Romeo and Juliet – you know the blurb “The greatest love story of all time? Certainly. But it’s also a prototype for some of culture’s other great narratives: the rebellion against generations past, and the need to escape from a predetermined future. One of the most thrilling things about young love is that often it is forbidden. And that very act of prohibition makes it all the more alluring.”

And so when we know the story so well – the star crossed lovers who end up destroying their lives (and the lives of those around them) – that in the production it becomes more about the journey than the destination.

Here the journey is heart-thuddingly loud – but not through sexual tension or raw, urgent passion – but through the music pulsing through the speakers.
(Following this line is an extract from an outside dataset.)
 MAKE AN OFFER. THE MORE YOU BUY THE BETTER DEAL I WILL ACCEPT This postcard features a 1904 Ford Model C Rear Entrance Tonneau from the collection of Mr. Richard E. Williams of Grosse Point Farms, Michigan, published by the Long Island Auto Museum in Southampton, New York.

The most simple of heartbreaks can happen when one sees two people blindingly in love. It’s the stuff that keeps weddings wet-eyed. The joy of witnessing love (or lust) and the pain of remembering the disappointments love can offer – the compromises and the changes love makes in us all.
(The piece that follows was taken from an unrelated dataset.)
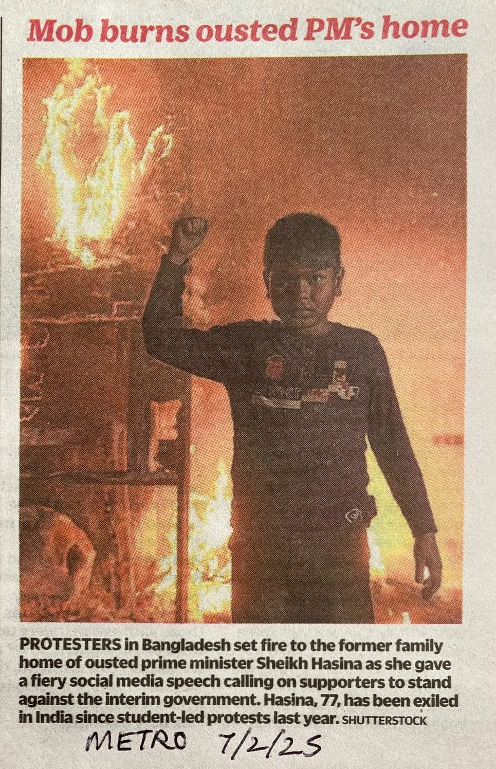 Day 39: Unnamed protester, Bangladesh Metro 7.2.25. Photo: Shutterstock*. Protesters in Bangladesh set fire to the former family home of ousted prime minister, Sheikh Hasina, who had ruled the country for 20 years.

The play hangs upon the emotional temperature of the two lovers- if the temperature is tepid, the drive of the play becomes about facilitating the misguided, selfish, rebellious teenagers – not about ensuring that nothing gets in the way of true love. Perhaps this was director Kip Williams’ aim? To demonstrate the folly of young love? To show the stupidity of the friar (Mitchell Butel) and the Nurse (Julie Forsyth) in their facilitation of the union? To show the cruelty of the parents?

What I admired about the production was the comfortable, intelligent ease with which Juliet reasoned in regards to love (Eryn Jean Norvill) – she’s no giddy, silly girl, this Juliet. I also enjoyed the sweet and comfortable Benvolio ( Akos Armont – whom I fantasized was our love interest through much of this production) and the steely gaze of Anna Lise Philips as she swanned and swigged her way through a parade of feathers as Lady Capulet.

The cuts are many and varied, you can read across the reviews for responses to them:

The Australian HERE

The Daily Telegraph HERE

The Sydney Morning Herald HERE

Crikey HERE

In Kip Williams production, the drive of the play was about strategy more than sensuality. I began to realise that the truly physical embodiment of male sexuality did not sit within the bones and flesh of Romeo – but of Mercutio (Eamon Farren – humping most things and people in sight) – and that the sexual rebellion of Juliet was really an escape from a marble privileged prison (more than an internal, primal drive). These external forces impacting on the lovers thwarted any true reading of classic tragedy – as the fatal flaw within the individual which is their own undoing. As such, the production became less interpersonal and more broadly philosophical about love.

And I guess the lesson is here: Nothing undoes the power of sex like over-thinking it.